Smart Parsing and Validation Schema

Posted on 2006-05-03
Last Modified: 2010-05-01
I am working on an application where I receive text files from different sources:
Here is one record of one of the files:

I also have tables in SQL 2000 containing the parsing schema and validation rules. For this type of file (above) I have the following records in a table (fields are: FieldOrder, FieldName, StartPosition, Length, Rules):
1    OrderNumber       1     6   ANNNN
2    OrderDate           7    10   MM/DD/YYYY
2    OrderDate           7    10   <=today
3    ItemNumber       17     4   NNNN    
4    Quant                21     3   NNN
4    Quant                21     3   >0
5    UnitPrice           24    10   NNNNNNNNNN
5    UnitPrice           24    10   >0
6    TotalInvoice      34    10   NNNNNNNNNN
6    TotalInvoice      34    10   =Field4 * Field5

Where: A = alpha, N = number, etc
As you can notice a field can have more than 1 validation and some of them like Field 6 require access to other fields in the record (TotalInvoice = Quant * UnitPrice).
I am trying to create a routine in VB 6 to handle the parsing and validation based on the schema from the database so when the schema is changed (new fields, delete fields, new validation rules, etc), or a new schema is added to the database no need to change the program.

The VB 6 program would basically do this:
- open text file – I know how to do this
- read DB to identify schema (the one described above as an example) – I have several schemas – I know how to do this
- read each line of the text file and be smart enough to identify each field (X47222 is the ordernumber and so on) and do the validation based on the schema retrieved from the database. – I don’t know how to do this one…

If you think there is a better way to do it I am completely open, as long as the schema is on the database and the code is written in VB6.

Thanks in advance..

Question by:cetafudd
    LVL 76

    Expert Comment

    I think that the core of your problem is how to organise the parsing of each field.
    I suggest having a function for each rule, or group of rules, if some can be grouped.

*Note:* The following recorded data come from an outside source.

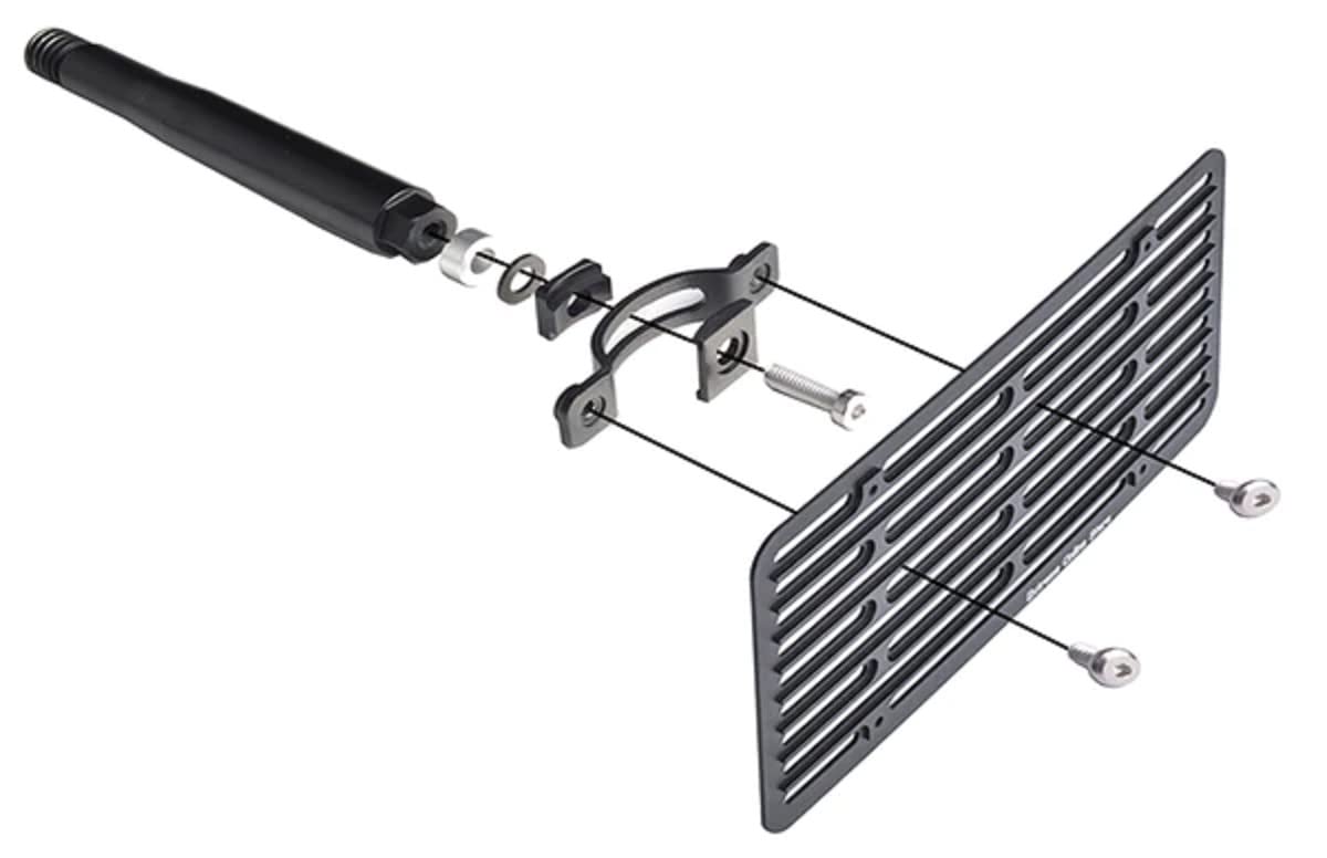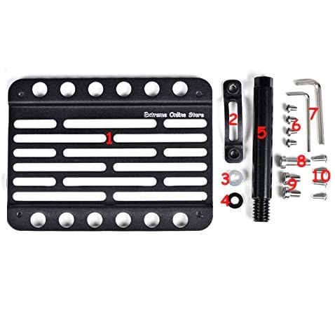 Made out of High Quality T6061 Aircraft Aluminum. Multiple mounting location available to avoid license plate from blocking intake vents or light beam. Oval mounting adapter included for license plate angle adjustment. Hardware included: License plate holder x 1 Oval mounting adapter x 1 7mm Spacer x 1 (for more clearance if needed) Rubber washer x 1 (prevent the unit from loosening) T6061 aircraft aluminum tow rod x 1 License plate bolt x 4 Hex Wrench x 2 Hex Head screws x 3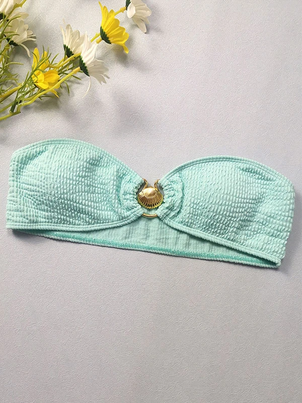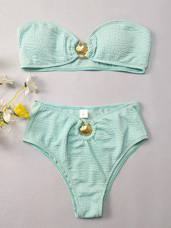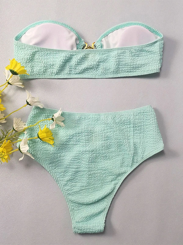 Women Bikini Swimsuit Mint Green Metal Details Strapless Raised Waist Summer Beach Swimwear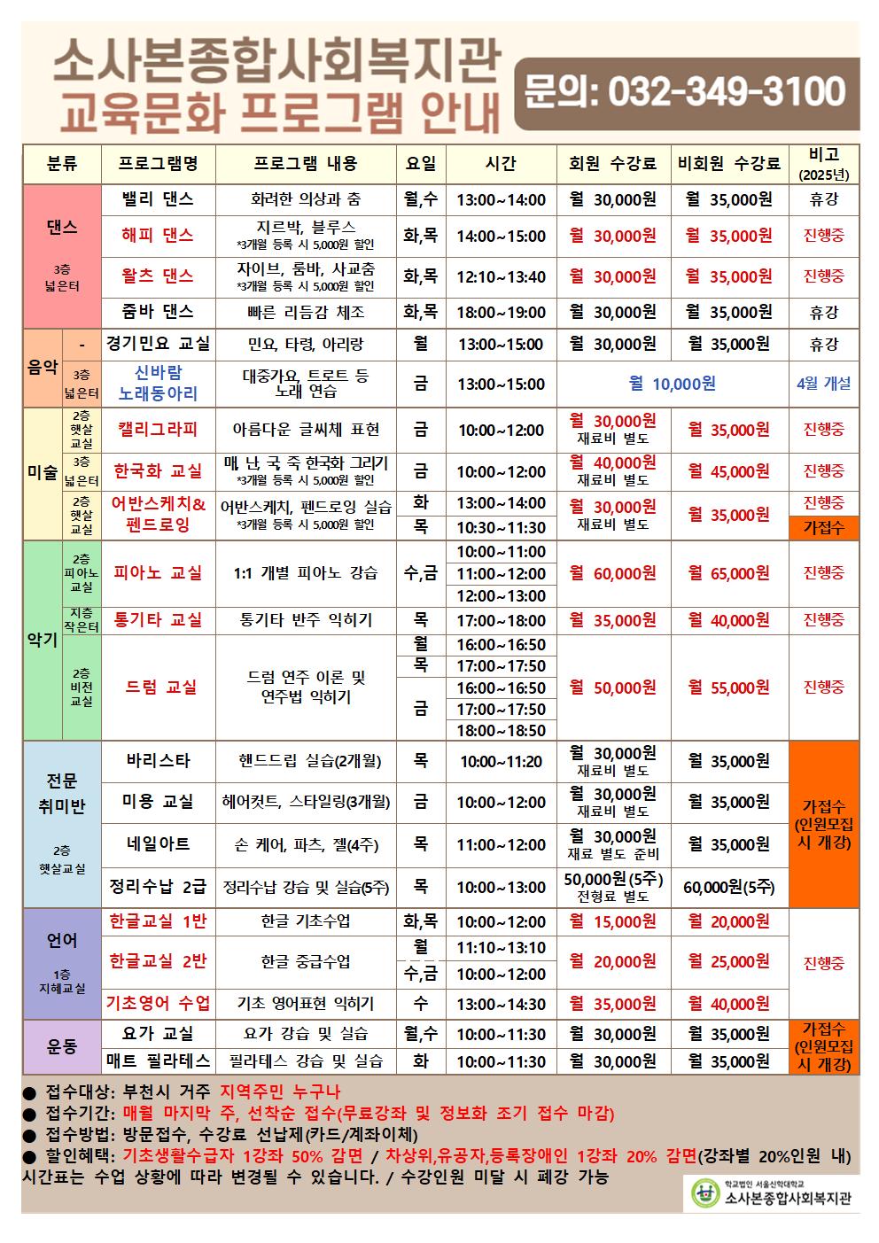 소사본종합사회복지관에서는 다양하고 재미있는 교육문화강좌를 운영하고 있습니다~
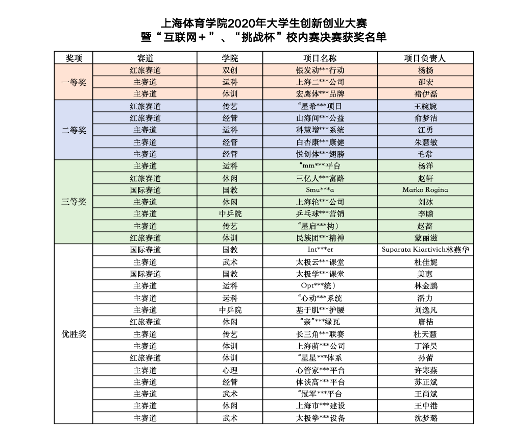 本网讯 为全面落实习近平总书记给中国“互联网+”大学生创新创业大赛“青年红色筑梦之旅”大学生的重要回信精神,深入推进大众创业万众创新,加快培养创新创业人才,促进创新驱动创业、创业引领就业,并选送优秀项目参加第六届中国国际“互联网+”大学生创新创业大赛与第十二届“挑战杯”大学生创业计划竞赛,我校2020年大学生创新创业大赛暨“互联网+”、“挑战杯”校内赛决赛于7月10日在线上平台成功举办。本次决赛答辩会邀请了校外6位专家对入围决赛的30件作品进行评审。上海体育学院副院长、创新创业学院院长王兴放,创新创业学院执行院长吴雪萍,副院长陈伟、王少白,各二级学院领导、项目指导老师等参加活动。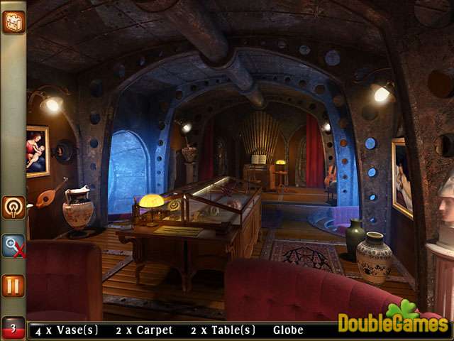 Professor Pierre Aronnax, his Assistant and Ned Land are captured by Captain Nemo, who furrows the seas by his world-famous ship Nautilus. Of course, Nautilus astonishes them by its magnificence, but still the three friends don't lose hope to get out of there and to be on firm ground in the literal sense of the word. This is the beginning of an addicting Hidden Object game. Download 20.000 Leagues under the Sea absolutely for free and help the characters escape from Nautilus, the terror of the sea!
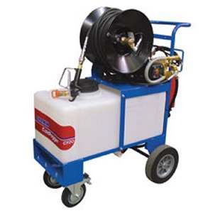 The MSO gas sprayer includes 66' Discharge Hose Trigger-Style Gun and Suction Hose Sprayer Cart and 20 Gallon Tank.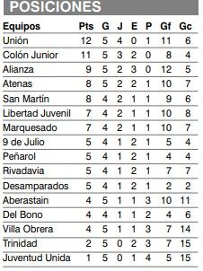 El Torneo de Invierno del fútbol sanjuanino en Primera División tuvo ayer cuatro encuentros que abrieron la 5ta fecha. Unión logró una valiosa victoria ante Juventud Unida, por 4 a 1, y pasó a ser el único puntero del torneo. Además, Colón no pudo ante Trinidad y empató 2 a 2, mientras que Alianza igualó 1 a 1 ante Aberastain y Atenas venció por 2 a 0 a Villa Obrera. Hoy desde las 16,30 jugarán: Peñarol-Rivadavia, Del Bono-9 de Julio y Libertad-Desamparados.

You would step through each field specification get the relevant part of the data string, and call the applicable function, something like this:

    Function ParseLine(strLine As String, rsParseTable As Recordset) As Boolean
        Dim strFieldData As String
        Dim strRule As String
        ParseLine = True
        Do Until rs.EOF
            strFieldData = Mid$(rs.Fields("StartPosition"), rs.Fields("Length"))
            strRule = rs.Fields("Rules")
            Select Case strRule
                Case "<=today"
                    ParseLine = IsBeforeToday(strFieldData) 'Suggested function provided below
                Case "MM/DD/YYYY"
                    ParseLine = IsDate(strFieldData)
                Case ">0"
                    ParseLine = IsGreaterThanZero(strFieldData) 'needs a function written
                Case Else
                    If Len(Trim$(Replace(Replace(strRule, "A", ""), "N", ""))) = 0 = 0 Then 'Only "A"s and "N"s
                        ParseLine = IsAlphaNumericPattern(strRule, strFieldData) 'needs a function written
                        If InStr(strRule, "Field") > 0 Then
                            ParseLine = OtherFieldValue(strRule, strFieldData) 'needs a function written
                            ParseLine = False
                            MsgBox "Unrecognised rule; " & strRule
                        End If
                    End If
            End Select
            If ParseLine = False Then
                Exit Function
            End If
    End Function

    Function IsBeforeToday(strDate As String) As Boolean
        If IsDate(strDate) Then
            If DateDiff("d", CDate(strDate), Now) > 0 Then
                IsBeforeToday = True
            End If
        End If
    End Function
    LVL 2

    Author Comment

    Thank you for replying Graham.. very nice code, I am sure I could use it.
    I still have a problem here, how do I validate field number 6 since it depends on 2 other fields? I can't have something hard coded because today the rule is that it has to be equal to Field4 * Field5, tomorrow could be Field4 * Field5 + 10% and so on....It has to be more dynamic so I dont have to change my VB code every time a rule changes or new rules are created.
    We would have basically 2 sets of rules:
    1) field formatting and datatype (those are field size, numeric, alpha, combination, dates, etc)
    2) field value - this can also involve some calculation like:
             a) a math method against this or any other record in the current record (like Field 6)
             b) condition...yikes....I will explain what I have in mind:
                          example of rule for field10: #field5 > 100,field5 * 0.10,field5 * 0.07#
                          this (or any other convention) would tell me that the correct value of field 10 will depend on the value of field 5, if field5 greater than 100 field 10 is 10% of it, otherwise it is 7 %....and so on

    It is more like having a generic routine in VB that would interpret the rules and do the right validation..
    If I am able to accomplish such code, I could change the rules for field10
    from #field5 > 100,field5 * 0.10,field5 * 0.07#
    to #(field5 / 2) + field57 #
    or have my rule for another field like #at(1, 4, 6, 15)# (the only valid value are 1, 4, 6, or 15)....and so on...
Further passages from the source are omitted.